[[ GIVEN DATA, beginning ]]
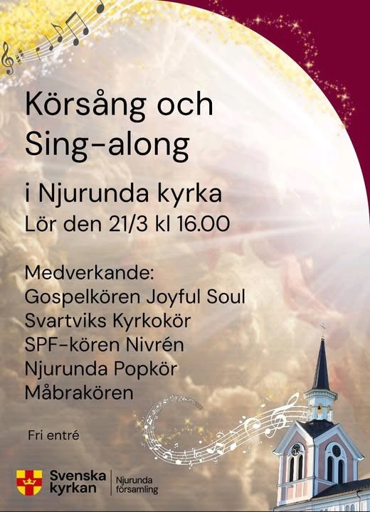 På lördagseftermiddag fylldes Njurunda kyrka av en härlig sångarglädje när fem körer samlades. Det var Joyful Soul, Må bra-kören, Svartviks kyrkokör, Njurunda Popkör och SPF-kören Nivrén. Det bjöds på en blandad repertoar, som Stad i ljus, Fattig bonddräng, A'int she sweet o Jag är jag. Publiken fick också sjunga med i allsånger som varje kör presenterade.
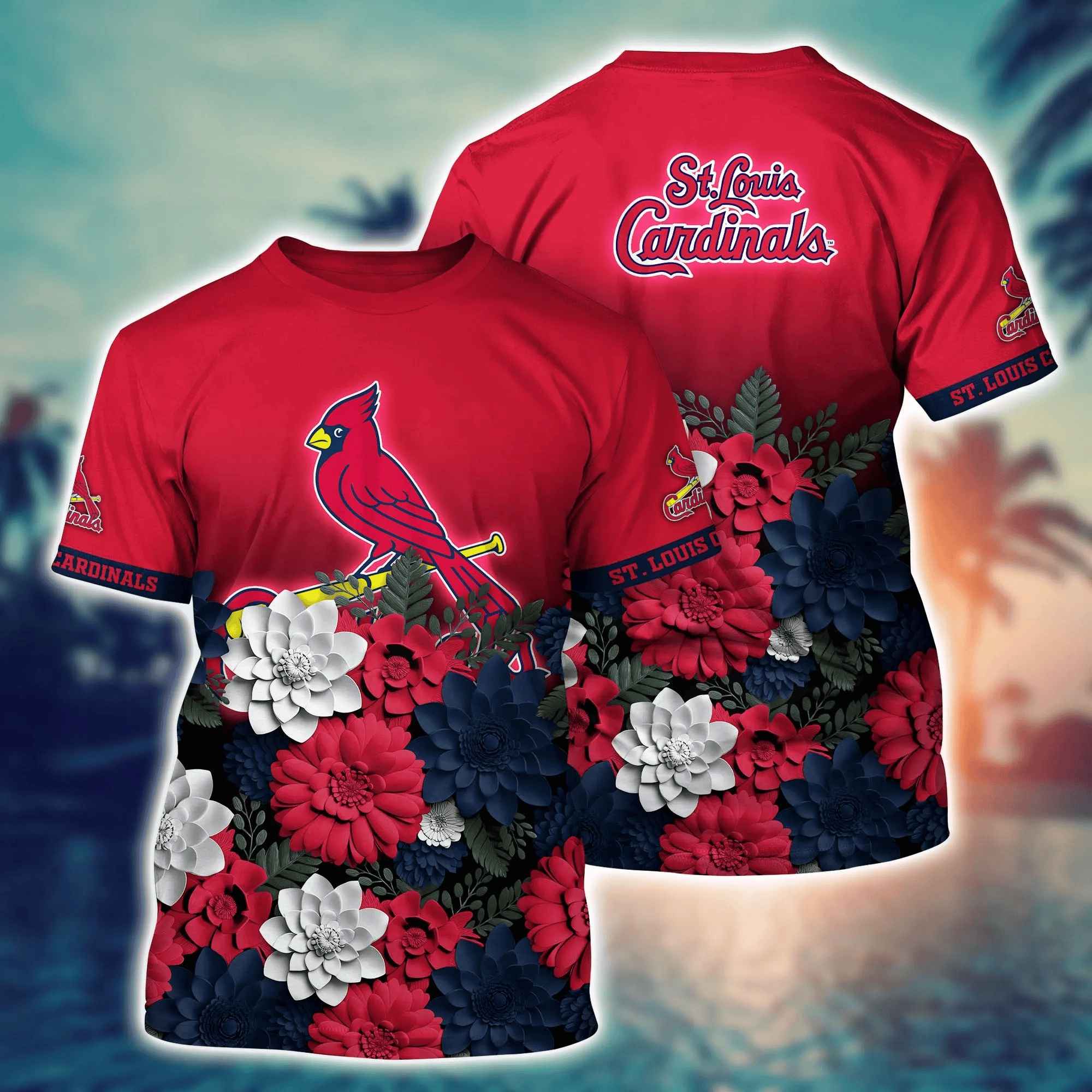 St. Louis Cardinals Flower 3D Button Hawaii Shirt Gift for Men Dad Father And T Shirt For Fans, Summer Football Shirts
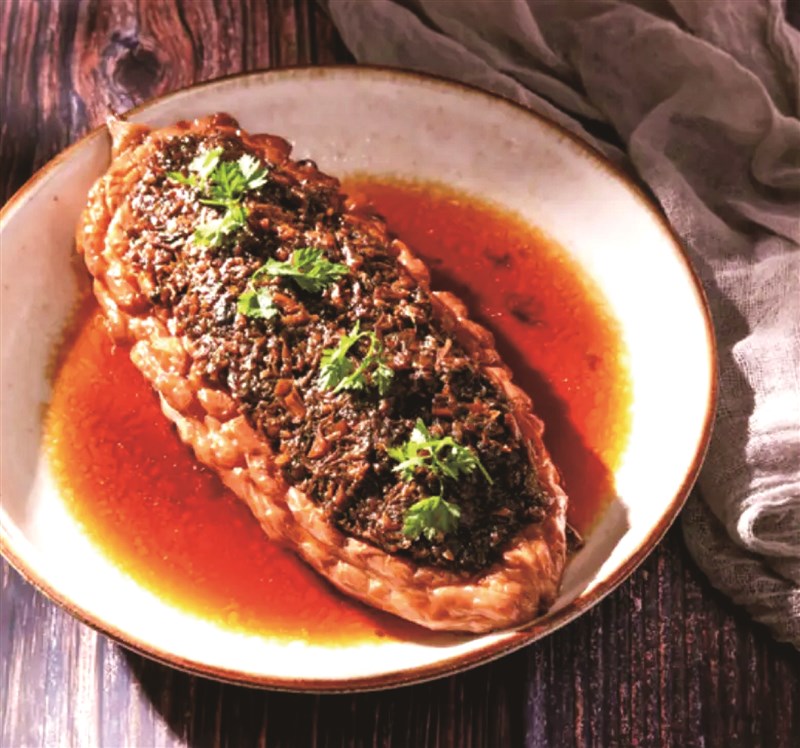 因為是從葷轉素的飲食者,嚴心鏞特別鑽研要怎麼用梅乾、麻油、酸菜等元素,在無肉情況下,燒出記憶中的味道。如今植物肉技術已大幅進步,豆腥味也改善許多,但因為可用的蔬食食材仍有限,要做出熟悉的味型,往往得經過反覆實驗與替代測試,「雖然只是蔬菜入菜的概念,但背後其實藏著很多眉角需要調整。」
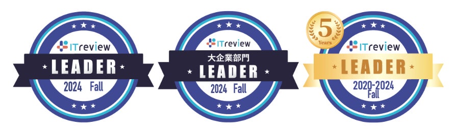 10月に発表された「ITreview Grid Award 2024 Fall」では、ITreviewに集まった約13.1万件のレビューをもとに、顧客満足度と認知度の双方が優れた製品を「Leader」として表彰、バッジが発行されています。ITreviewのLeaderは、多くの利用者から支持を得ている証であり、名誉ある称号です。
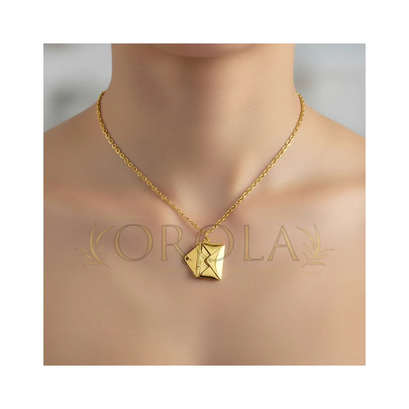 Collana “Lettera d’Amore”: ciondolo a busta apribile con mini-lettera interna e messaggio nascosto; acciaio inossidabile; finiture disponibili colore argento o tono oro; incisione personalizzabile (nomi, date, breve dedica); idea regalo romantica per coppie e famiglia, perfetta per anniversari, San Valentino e compleanni; design minimal ed elegante adatto all’uso quotidiano; manutenzione semplice: pulire con panno morbido ed evitare contatto con profumi/creme.
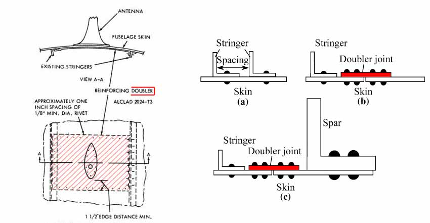 A piece of sheet metal used to strengthen and stiffen an aircraft skin at the location some component is to be attached. A doubler is normally riveted to the inside of the aircraft skin where a radio antenna is mounted.
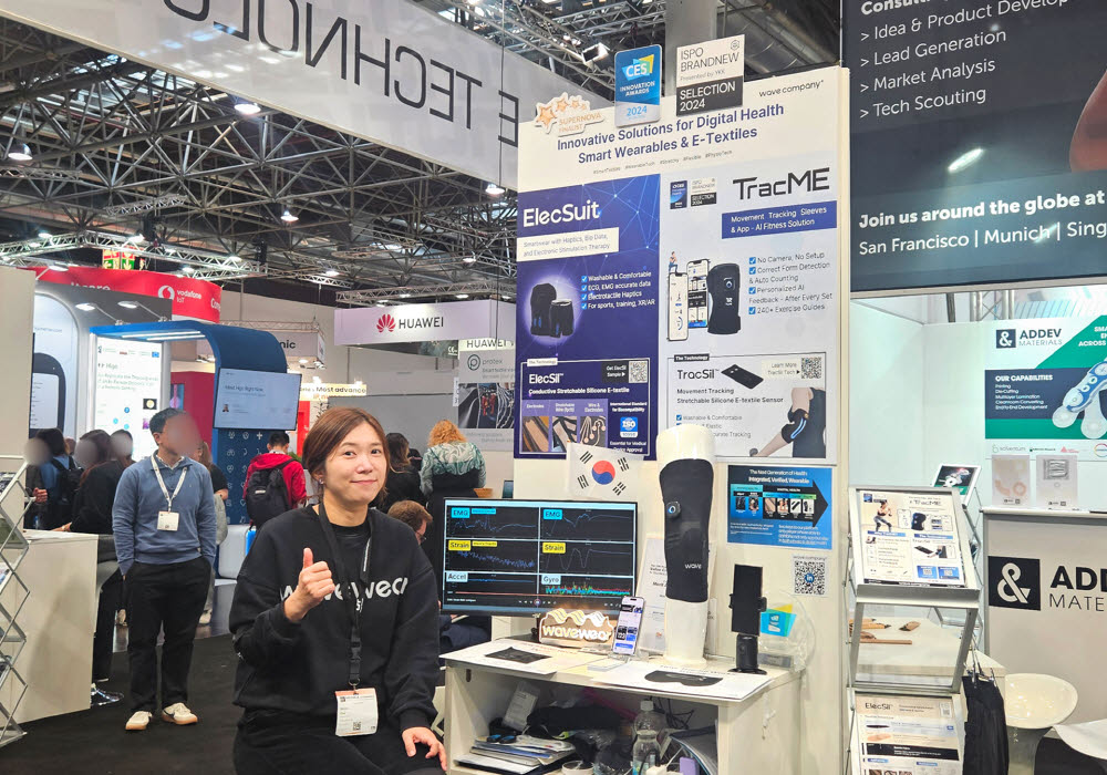 스포츠테크 및 스마트웨어 전문기업 웨이브컴퍼니가 세계 최대 의료기기 박람회 중 하나인 ‘MEDICA 2025’에 2년 연속 참가해 독자 개발한 전도성 실리콘 전극 소재 ‘일렉실(Elecsil)’의 기술력을 선보였다. 일렉실은 젤이 필요 없는 건식 전극임에도 표준 습식 전극과 동등한 수준의 초저 임피던스를 구현하는 혁신 기술이다. 이는 기존 건식 전극의 고질적인 문제였던 신호 품질 저하를 원천적으로 해결하며, ECG(심전도), EMG(근전도) 등 고감도 생체 신호 측정의 정확성을 획기적으로 향상시켰다. 웨어러블 기기 및 의료용 디바이스 적용 가능성을 인정받은 웨이브컴퍼니는 이번 참가를 통해 유럽 의료 및 헬스케어 분야의 주요 파트너들과 관계를 구축하고 소재 B2B 사업 확대를 위한 발판을 마련했다고 밝혔다.
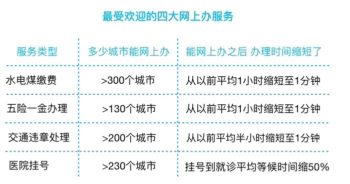 現(xiàn)在能全國(guó)超過300個(gè)城市,有100多類服務(wù)實(shí)現(xiàn)了網(wǎng)上辦理,老百姓常用的熱門服務(wù)中,超過一半開始能夠網(wǎng)上辦理。其中水電煤繳費(fèi)、五險(xiǎn)一金的查詢與提取、交通違章信息查詢和處理、醫(yī)院遠(yuǎn)程掛號(hào)是老百姓使用最多,最歡迎的四大服務(wù)。
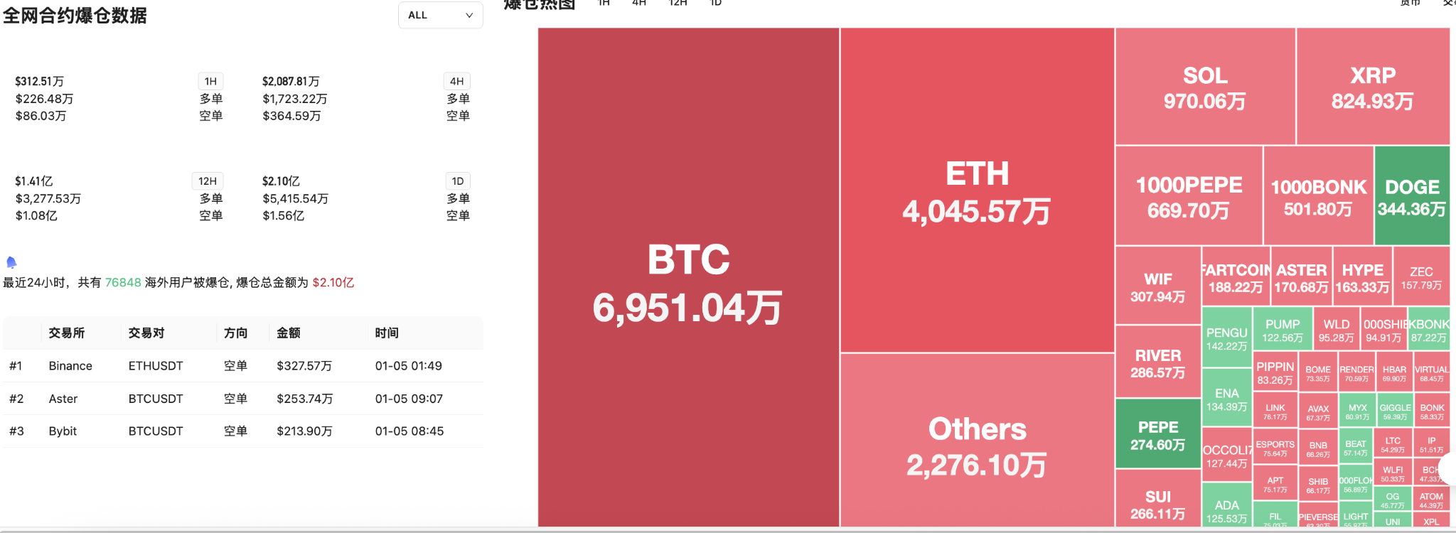 - 24小时爆仓数据:全球共76848人被爆仓 ,爆仓总金额为2.1亿美元,其BTC爆仓6591万美元、ETH爆仓4045万美元、SOL爆仓970万美元
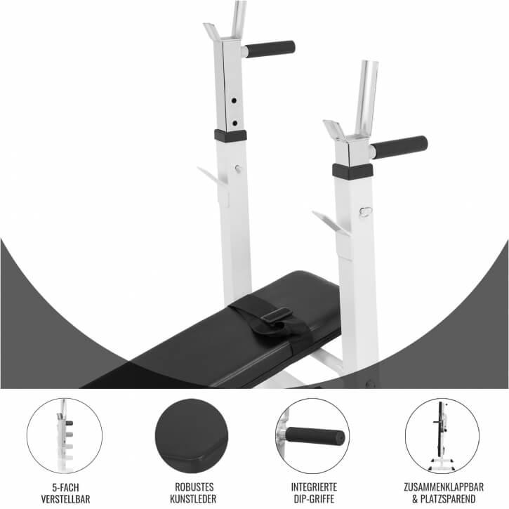 - 5-fach verstellbare Hantelablage (Ablagehöhe von ca. 78 - 99 cm)
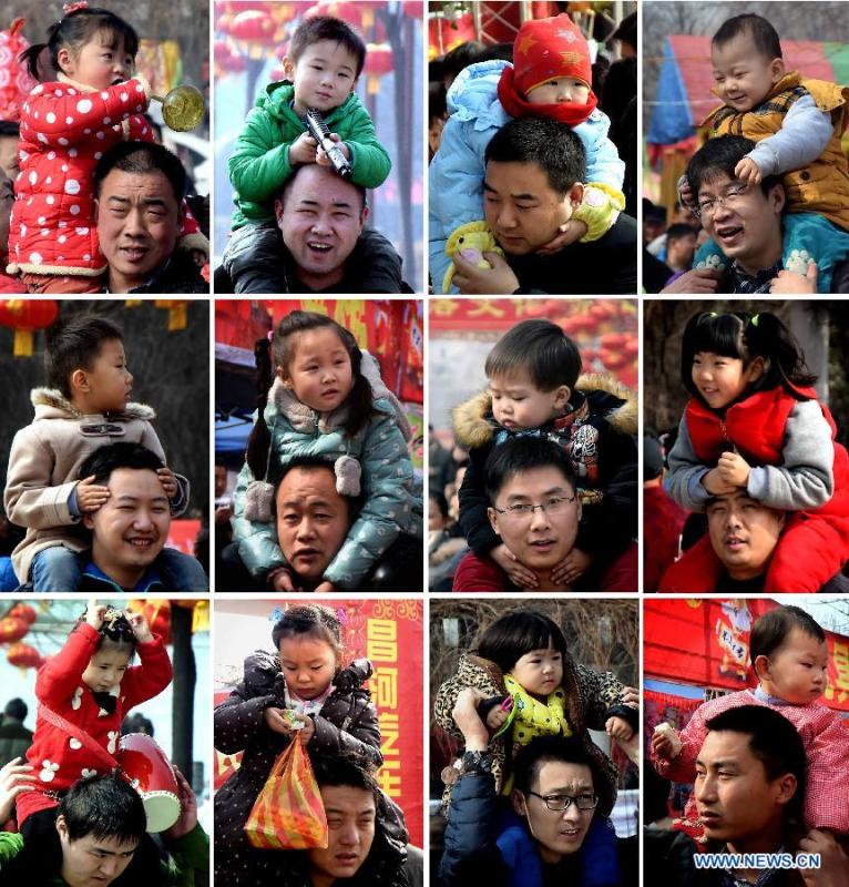 Combination photo taken on Feb. 21, 2015 shows tourists carrying their children on the neck at a temple fair in Luoyang, central China's Henan Province. (Xinhua/Wang Song)
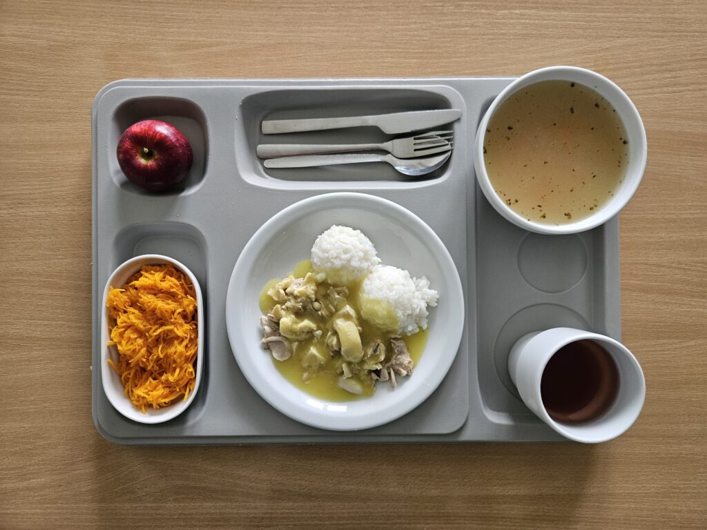 Śniadanie: masło 82% tłuszczu 10 g (BIA) chleb firmowy kroj, chleb razowy kroj 100 g (GLU,JAJ, ZIA) Wędlina drobiowa 50g (BIA,GLU, MIĘ, SOJ, SEL ) jogurt naturalny 150 g (BIA) herbata z cytryną 250 g sałatka jarzynowa z jogurtem 150 g (JAJ, DWU,GOR) | Obiad: Zupa ziemniaczana z natką pietruszki 300 ml (GLU, SEL) Kawałki kurczaka w sosie curry 100 g (GLU) surówka z dyni i jabłka 150 g ryż na sypko 200 g (BIA) jabłko 150 g |
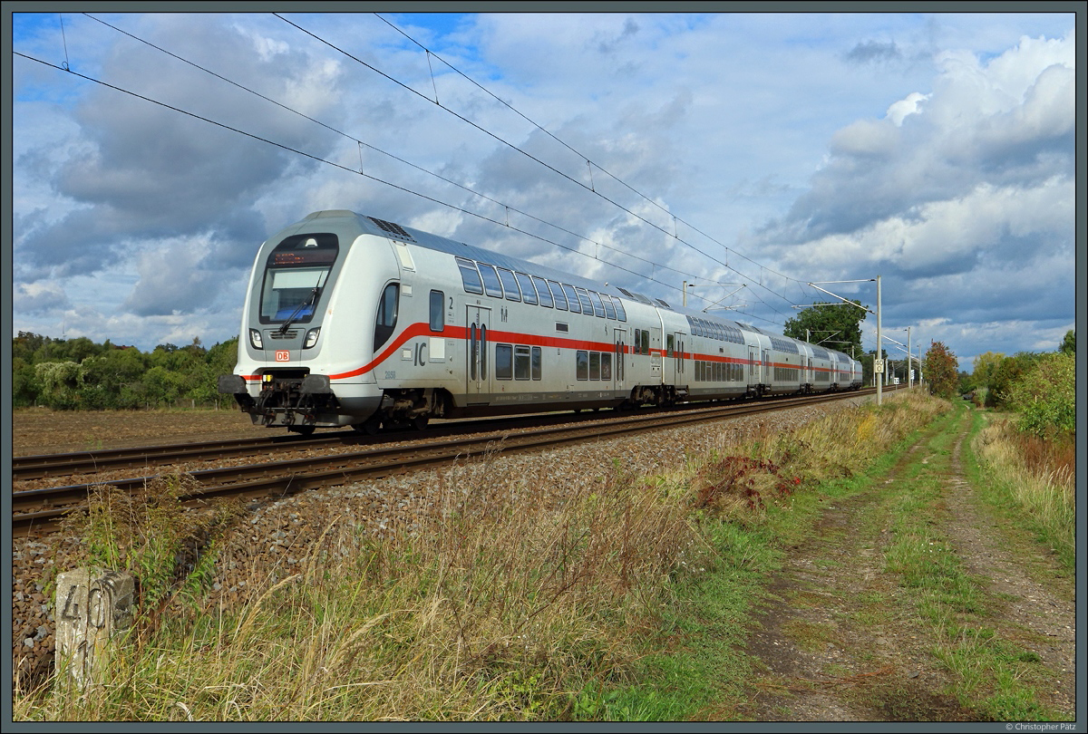 DBpbzfa 668.2 mit Schublok 146 567-3 DB als IC 2039 (Linie 56) von Norddeich Mole nach Leipzig Hbf durchfährt den Hp Greppin auf der Bahnstrecke Trebnitz–Leipzig (KBS 251).
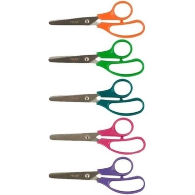 Nůžky s pohodlným ergonomickým úchopem. Bezpečný kulatý hrot. Plastová rukojeť v barevném mixu oranžové, růžové, modré, fialové a zelené barvy. Kvalitní ostří z nerezové oceli. Rozměr 14,7 x 5,3 x 1,1 cm.
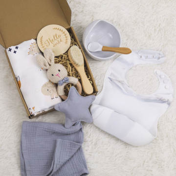 This 8 piece set includes a Bamboo Cotton Muslin Swaddle, Muslin Lovey blanket, handmade crochet rattle, silicone bib, bowl and spoon, wooden brush and milestone cards.
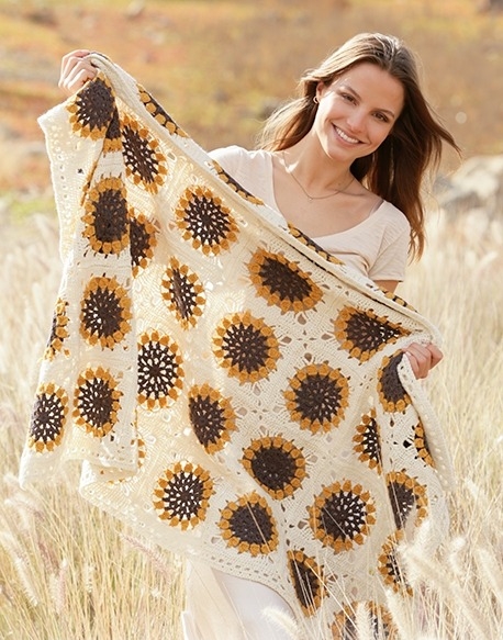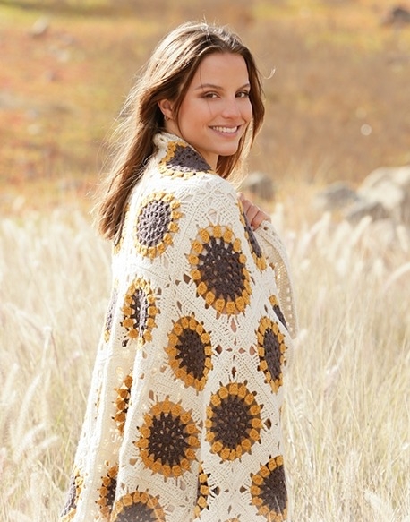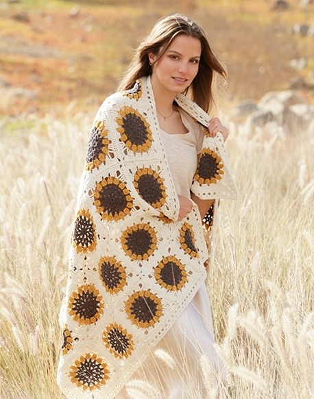 Jos haluat heittäytyä mattoon, jossa on laastareita, niin tämä suloinen auringonkukkamatto on todella hyvä vaihtoehto. Täällä on myös mahdollista muuttaa kukan väriä suosikkikukasi mukaan. Matto sopii mainiosti sekä sohvalle, sillä se on virkattu lämpimästä Drops Limasta, joka on villan ja alpakan villan yhdistelmä. Matto virkataan virkkaamalla ensin pyöreä kukka ja sitten reunus kukan ympärille. Hienot lasit kiinnitetään ompelemalla ne yhteen ja virkkaamalla lopuksi reuna, joka sitoo ne yhteen.
[[ GIVEN DATA, end ]]
THE TASK> Extract, word for word, each line from the top of the data down to and including the line with "St. Louis Cardinals"; skip the pictures.

ANSWER BOX>
 På lördagseftermiddag fylldes Njurunda kyrka av en härlig sångarglädje när fem körer samlades. Det var Joyful Soul, Må bra-kören, Svartviks kyrkokör, Njurunda Popkör och SPF-kören Nivrén. Det bjöds på en blandad repertoar, som Stad i ljus, Fattig bonddräng, A'int she sweet o Jag är jag. Publiken fick också sjunga med i allsånger som varje kör presenterade.
 St. Louis Cardinals Flower 3D Button Hawaii Shirt Gift for Men Dad Father And T Shirt For Fans, Summer Football Shirts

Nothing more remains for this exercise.